CREATE TABLE friends ( person INTEGER REFERENCES musician(musician_id), friends_with INTEGER REFERENCES musician(musician_id)); INSERT INTO friends (person, friends_with) VALUES (7, 8), (7, 9), (9, 11);
For example, the first insert represents that Dan Reynolds is friends with Wing. Let’s consider how we would write a query to find out who is Dan Reynolds friends with. At first we might think to write:
SELECT musician.stagename FROM musician JOIN friends ON musician.musician_id = friends.person WHERE musician.stagename = 'Dan Reynolds';
You will see that this doesn’t work as all it returns is
For this query we actually need two copies of the musicians table– one to find the musician_id of Dan Reynolds. Once we find out his id is 7, look at the friends table and discover he is friends with id 8, we need another table to lookup the stagename for id 8. We implement it as follows:
SELECT m1.stagename FROM musician as m1 JOIN friends ON m1.musician_id = friends.friends_with JOIN musician as m2 ON friends.person = m2.musician_id WHERE m2.stagename = 'Dan Reynolds'; stagename ---------------------- Wing Aja Volkman-Reynolds (2 rows)

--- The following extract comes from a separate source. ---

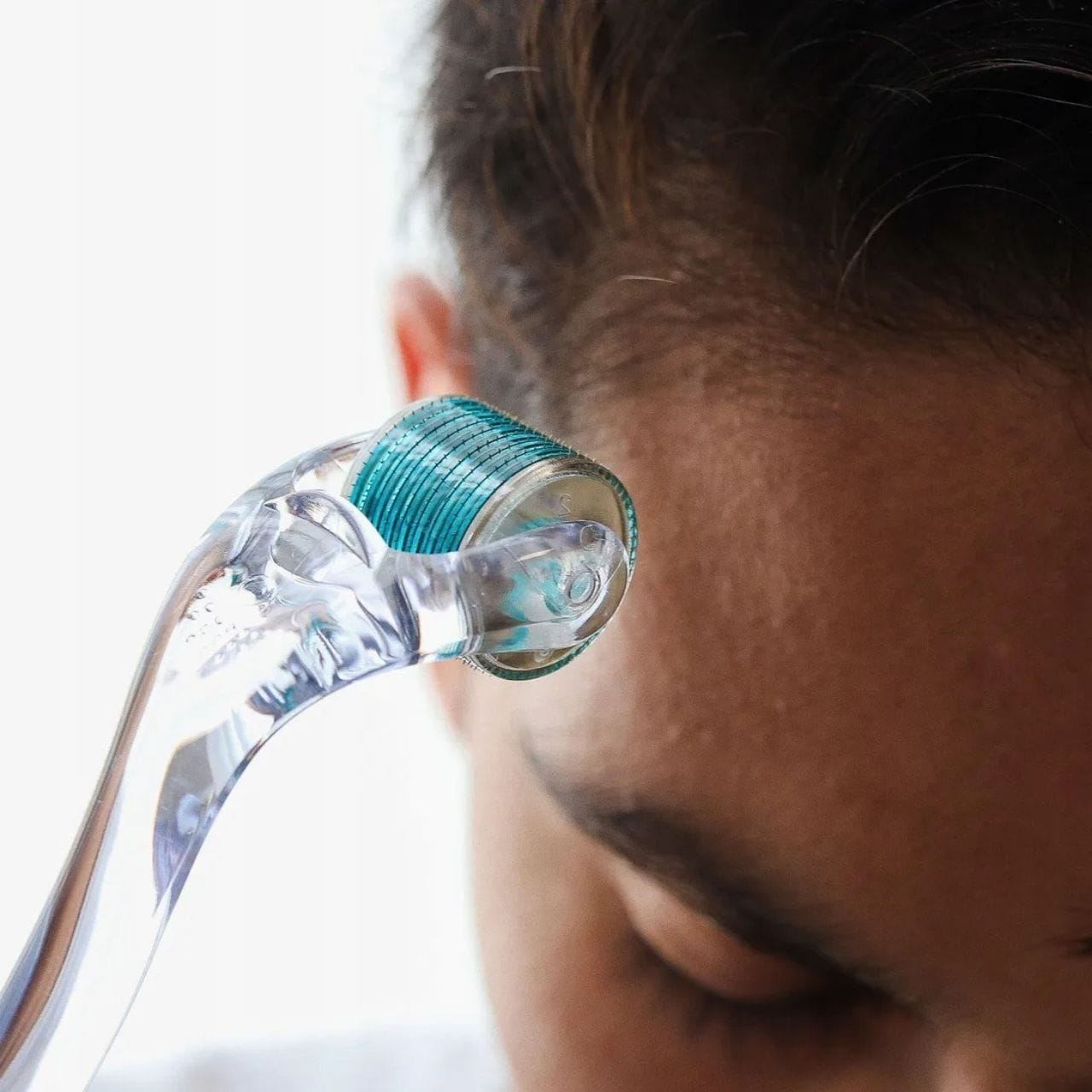 Foligain Hair and Scalp Roller is a dermaroller for the scalp with 540 titanium needles (0.25 mm) that stimulates microcirculation, exfoliates dead skin cells and improves the absorption of serums and hair growth products. The cross-grid needle arrangement ensures even, painless stimulation of the entire scalp. Suitable for women and men.

Suppose we want to know who is in bands with Dan Reynolds. For that the query is
SELECT m1.stagename FROM musician as m1 JOIN bandmember AS b1 ON m1.musician_id = b1.member_id JOIN bandmember as b2 ON b1.band_id = b2.band_id JOIN musician AS m2 ON m2.musician_id = b2.member_id WHERE m1.stagename <> 'Dan Reynolds' AND m2.stagename = 'Dan Reynolds';
Question: why do we have
m1.stagename <> 'Dan Reynolds'?